Views: 31 Author: Site Editor Publish Time: 2024-04-12 Origin: Site
The delicious Christmas Chocolate Berry Stump Cake combines the rich aroma of chocolate with the sweet and sour taste of berries, adding a unique flavor to the Christmas season.
This cake usually consists of layers of chocolate cake and berry cream, and is decorated in the shape of a tree stump, as if you are in a snowy forest. The surface of the cake is often decorated with branches, snowflakes, berries, etc., creating a winter atmosphere and is suitable as a dessert for Christmas parties or gatherings. It can also be easily made at home. First, you need to prepare the materials according to the following, and then let’s make it together!
Cocoa Cake Embryo:
Egg White 88g
Egg Yolk 37g
45g Fine Sugar
Hot Water 35g
Corn Oil 25g
Cocoa Powder 15g
Low Gluten Flour 40g
Chocolate Ganache Buttercream:
450g light cream 135g dark chocolate
Beat the ganache cream until about 7 minutes.
Divide into 250 grams and set aside for smearing and piping; beat the rest until 9 minutes for filling.
Berry jam: 50g (optional)
Ganache glaze: (for tree stump skin modeling and annual ring lines)
30g light cream 30g dark chocolate
①Refrigerate egg whites for later use.
②Add about 10 grams of sugar to the egg yolks and beat until white and thick. Set aside.
③Heat the corn oil to about 60 degrees, add cocoa powder and mix well, add hot water (about 60 degrees is enough) and mix well.
④Sift and add low-gluten flour, mix well, then add the egg yolk beaten previously and mix well.
⑤Preheat the oven.
⑥Beat the egg whites until they stand upright.
⑦Mix the meringue and egg yolk paste in batches and pour into the mold.
⑧140~150 degrees, bake for about 50 minutes.

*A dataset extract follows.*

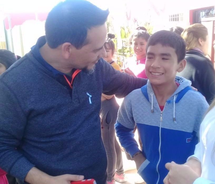 Leonardo Nicanor Quinteros fue sorprendido por alumnos y profesores del Instituto de Formación Docente de San Luis, quienes llegaron a Pocito para entregarle al pequeño que fundó una escuelita en el fondo de su casa, con el fin de ayudar a sus vecinos.

⑨After taking it out of the oven, shake the heat and immediately place it upside down on a wire rack and let it cool before demoulding.
Assembly order:
1. Cut the cake embryo;
2. Make the refrigerated ganache cream the night before whipping
3. After assembling and basting, freeze for half an hour
4. Make ganache for glaze decoration
5. Final decoration:
① Spread the bark around with ganache.
② Use a fork to dip the ganache on the top to draw growth ring lines with varying shades.
③ Squeeze out cream of different sizes on the surface and use oatmeal to make a pine cone shape.
④ Arrange berries of different colors and garnish with hazelnuts, green leaves, etc.
⑤Finally sprinkle with powdered sugar.